11.5 The empirical wAFROC

p <- PlotEmpiricalOperatingCharacteristics(dataset04, opChType = "wAFROC")
p$Plot

  • The piecewise linear nature of the plot, with sharp breaks, indicates that this is due to a finite dataset.
  • In contrast the following code shows a smooth plot, because it is a model predicted plot.

11.6 The predicted wAFROC

## Following example is for mu = 2, lambda = 1, nu = 0.6. 20% of the diseased 
## cases have a single lesion, 40% have two lesions, 10% have 3 lesions, 
## and 30% have 4 lesions.  
lesDistr <- c(0.2, 0.4, 0.1, 0.3)

## On cases with one lesion the weights are 1, on cases with 2 lesions the weights
## are 0.4 and 0.6, on cases with three lesions the weights are 0.2, 0.3 and 0.5, and
## on cases with 4 lesions the weights are 0.3, 0.4, 0.2 and 0.1: 
relWeights <- c(0.3,  0.4, 0.2,  0.1)
p <- PlotRsmOperatingCharacteristics(
  mu = 2, 
  lambda = 1, 
  nu = 0.6, 
  OpChType = "wAFROC", 
  lesDistr = lesDistr, 
  relWeights = relWeights, 
  legendPosition = "bottom", nlfRange = c(0, 1), llfRange = c(0, 1))
p$wAFROCPlot

11.7 The distribution of number of lesions and weights

lesDistr
#> [1] 0.2 0.4 0.1 0.3
relWeights
#> [1] 0.3 0.4 0.2 0.1
  • The lesDistr array 0.2, 0.4, 0.1, 0.3 specifies the fraction of diseased cases with the number of lesions corresponding to the column index.

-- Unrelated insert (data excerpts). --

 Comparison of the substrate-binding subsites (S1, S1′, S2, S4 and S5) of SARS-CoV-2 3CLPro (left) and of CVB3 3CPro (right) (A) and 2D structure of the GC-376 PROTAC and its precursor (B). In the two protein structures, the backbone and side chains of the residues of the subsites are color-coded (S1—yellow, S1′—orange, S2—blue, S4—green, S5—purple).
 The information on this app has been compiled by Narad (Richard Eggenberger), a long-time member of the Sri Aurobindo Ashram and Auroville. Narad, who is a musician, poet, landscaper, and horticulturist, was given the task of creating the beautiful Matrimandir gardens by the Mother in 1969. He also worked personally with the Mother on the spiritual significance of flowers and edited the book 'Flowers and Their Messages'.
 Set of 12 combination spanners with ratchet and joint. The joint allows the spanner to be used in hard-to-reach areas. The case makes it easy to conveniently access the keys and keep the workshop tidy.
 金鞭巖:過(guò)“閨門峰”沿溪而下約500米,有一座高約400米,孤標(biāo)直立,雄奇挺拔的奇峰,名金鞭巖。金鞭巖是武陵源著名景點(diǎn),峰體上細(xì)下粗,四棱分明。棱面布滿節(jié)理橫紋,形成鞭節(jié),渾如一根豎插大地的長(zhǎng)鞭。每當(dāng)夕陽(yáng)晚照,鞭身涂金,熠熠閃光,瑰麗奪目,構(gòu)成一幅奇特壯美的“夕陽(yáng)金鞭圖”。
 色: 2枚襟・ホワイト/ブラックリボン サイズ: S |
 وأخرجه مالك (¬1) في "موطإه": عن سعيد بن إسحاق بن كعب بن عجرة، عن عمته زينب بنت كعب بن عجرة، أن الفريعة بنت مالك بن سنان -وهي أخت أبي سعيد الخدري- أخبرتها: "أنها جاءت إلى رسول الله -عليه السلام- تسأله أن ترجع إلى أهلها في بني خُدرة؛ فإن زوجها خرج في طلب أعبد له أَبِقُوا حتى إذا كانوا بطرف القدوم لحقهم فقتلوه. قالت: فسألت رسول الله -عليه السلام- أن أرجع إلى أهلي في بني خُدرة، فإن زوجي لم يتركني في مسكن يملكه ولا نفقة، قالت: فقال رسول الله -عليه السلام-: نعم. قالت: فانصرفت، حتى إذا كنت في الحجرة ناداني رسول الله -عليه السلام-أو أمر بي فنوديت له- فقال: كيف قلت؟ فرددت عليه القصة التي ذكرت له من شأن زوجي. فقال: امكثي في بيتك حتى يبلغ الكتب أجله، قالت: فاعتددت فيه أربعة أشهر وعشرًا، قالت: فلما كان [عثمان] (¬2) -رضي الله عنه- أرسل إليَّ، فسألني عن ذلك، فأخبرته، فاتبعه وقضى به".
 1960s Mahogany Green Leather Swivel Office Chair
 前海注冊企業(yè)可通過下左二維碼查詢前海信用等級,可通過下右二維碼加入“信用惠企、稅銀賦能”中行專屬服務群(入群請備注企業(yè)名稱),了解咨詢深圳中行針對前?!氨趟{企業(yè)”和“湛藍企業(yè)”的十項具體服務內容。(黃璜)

To specify a dataset with exactly 3 lesions per diseased case use lesDist = c(0, 0, 1, 0).
  • The relWeights array 0.3, 0.4, 0.2, 0.1 specifies the relative weights.
  • For cases with 1 lesion, the weight is 1.
  • For cases with 2 lesions, the first lesion has weight 0.4285714 and the second lesion has weight 0.5714286, which are in the ratio 0.3 : 0.4 and sum to unity.
  • For cases with 3 lesions, the first lesion has weight 0.3333333, the second lesion has weight 0.4444444 and the third lesion has weight 0.2222222, which are in the ratio 0.3 : 0.4 : 0.2, and sum to unity.
  • For cases with 4 lesions, the weights are 0.3, 0.4, 0.2 and 0.1, which are in the ratio 0.3 : 0.4 : 0.2 : 0.1 and sum to unity.

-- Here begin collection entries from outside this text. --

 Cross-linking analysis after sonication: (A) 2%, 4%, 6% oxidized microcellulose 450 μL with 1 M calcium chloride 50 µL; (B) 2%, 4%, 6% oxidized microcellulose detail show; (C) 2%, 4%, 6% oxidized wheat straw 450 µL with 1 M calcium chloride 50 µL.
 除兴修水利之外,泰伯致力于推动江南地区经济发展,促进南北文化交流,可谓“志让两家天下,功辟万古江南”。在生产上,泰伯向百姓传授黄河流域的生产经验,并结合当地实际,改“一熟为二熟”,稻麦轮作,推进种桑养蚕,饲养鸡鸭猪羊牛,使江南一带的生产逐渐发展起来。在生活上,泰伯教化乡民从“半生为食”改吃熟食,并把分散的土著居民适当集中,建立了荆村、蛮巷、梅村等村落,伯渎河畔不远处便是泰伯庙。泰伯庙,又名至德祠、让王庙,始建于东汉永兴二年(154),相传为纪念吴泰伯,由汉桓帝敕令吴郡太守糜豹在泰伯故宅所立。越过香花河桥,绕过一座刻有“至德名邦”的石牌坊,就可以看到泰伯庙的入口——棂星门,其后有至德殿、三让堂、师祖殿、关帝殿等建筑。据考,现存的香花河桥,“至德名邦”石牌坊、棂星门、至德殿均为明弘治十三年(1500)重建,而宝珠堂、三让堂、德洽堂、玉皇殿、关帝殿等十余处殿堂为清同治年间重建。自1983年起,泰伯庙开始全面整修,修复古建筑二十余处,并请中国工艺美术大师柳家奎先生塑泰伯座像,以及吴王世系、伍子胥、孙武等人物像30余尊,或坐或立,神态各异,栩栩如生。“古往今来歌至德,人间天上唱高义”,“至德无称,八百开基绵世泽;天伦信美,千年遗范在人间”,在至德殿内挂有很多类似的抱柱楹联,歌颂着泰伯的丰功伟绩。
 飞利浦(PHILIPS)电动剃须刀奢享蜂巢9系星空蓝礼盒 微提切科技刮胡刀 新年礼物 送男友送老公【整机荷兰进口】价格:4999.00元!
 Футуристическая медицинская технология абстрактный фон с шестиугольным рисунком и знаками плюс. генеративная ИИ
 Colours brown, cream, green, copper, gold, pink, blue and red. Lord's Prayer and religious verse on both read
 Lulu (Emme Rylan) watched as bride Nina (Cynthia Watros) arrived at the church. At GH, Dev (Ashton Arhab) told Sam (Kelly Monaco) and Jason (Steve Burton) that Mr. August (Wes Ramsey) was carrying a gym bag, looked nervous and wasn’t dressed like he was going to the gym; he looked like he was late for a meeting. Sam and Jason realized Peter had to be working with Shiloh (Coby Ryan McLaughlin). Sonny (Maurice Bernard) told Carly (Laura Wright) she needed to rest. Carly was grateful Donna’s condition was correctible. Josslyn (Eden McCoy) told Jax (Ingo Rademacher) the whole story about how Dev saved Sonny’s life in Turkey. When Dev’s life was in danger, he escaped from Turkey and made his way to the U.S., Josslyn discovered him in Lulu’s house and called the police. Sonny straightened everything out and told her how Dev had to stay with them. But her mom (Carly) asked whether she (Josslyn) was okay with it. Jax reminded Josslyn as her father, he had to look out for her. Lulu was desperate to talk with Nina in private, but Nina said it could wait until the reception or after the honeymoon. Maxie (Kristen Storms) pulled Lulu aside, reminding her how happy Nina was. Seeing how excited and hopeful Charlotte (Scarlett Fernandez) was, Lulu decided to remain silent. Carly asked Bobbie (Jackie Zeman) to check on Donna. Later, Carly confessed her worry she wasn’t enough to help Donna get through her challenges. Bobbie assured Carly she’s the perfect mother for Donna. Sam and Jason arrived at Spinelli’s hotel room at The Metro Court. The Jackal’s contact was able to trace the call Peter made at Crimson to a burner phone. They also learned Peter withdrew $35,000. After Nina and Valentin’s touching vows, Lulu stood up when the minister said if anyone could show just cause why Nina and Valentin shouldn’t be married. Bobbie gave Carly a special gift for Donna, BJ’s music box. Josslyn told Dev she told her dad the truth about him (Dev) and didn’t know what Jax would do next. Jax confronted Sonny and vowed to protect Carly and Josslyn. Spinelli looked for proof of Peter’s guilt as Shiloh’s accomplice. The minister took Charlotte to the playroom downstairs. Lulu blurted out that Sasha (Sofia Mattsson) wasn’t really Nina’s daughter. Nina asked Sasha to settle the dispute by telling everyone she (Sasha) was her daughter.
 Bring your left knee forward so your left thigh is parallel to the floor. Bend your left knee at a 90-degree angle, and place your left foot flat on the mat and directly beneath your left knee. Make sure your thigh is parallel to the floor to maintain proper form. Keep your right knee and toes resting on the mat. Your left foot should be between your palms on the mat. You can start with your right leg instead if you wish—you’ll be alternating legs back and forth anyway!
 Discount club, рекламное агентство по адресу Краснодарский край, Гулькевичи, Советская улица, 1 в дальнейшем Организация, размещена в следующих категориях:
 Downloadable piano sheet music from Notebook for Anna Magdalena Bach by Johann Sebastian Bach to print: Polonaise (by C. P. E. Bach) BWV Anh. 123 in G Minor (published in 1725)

11.8 Other operating characteristics

  • By changing OpChType one can generate other operating characteristics.
  • Note that lesiion weights argument is not needed for ROC curves. It is only needed for wAFROC and wAFROC1 curves.
lesDistr <- c(0.2, 0.4, 0.1, 0.3)
p <- PlotRsmOperatingCharacteristics(
  mu = 2, 
  lambda = 1, 
  nu = 0.6, 
  OpChType = "ROC",
  lesDistr = lesDistr,  
  legendPosition = "bottom")
p$ROCPlot

11.9 Summary

References

Chakraborty, Dev P. 2017. Observer Performance Methods for Diagnostic Imaging: Foundations, Modeling, and Applications with r-Based Examples. Boca Raton, FL: CRC Press.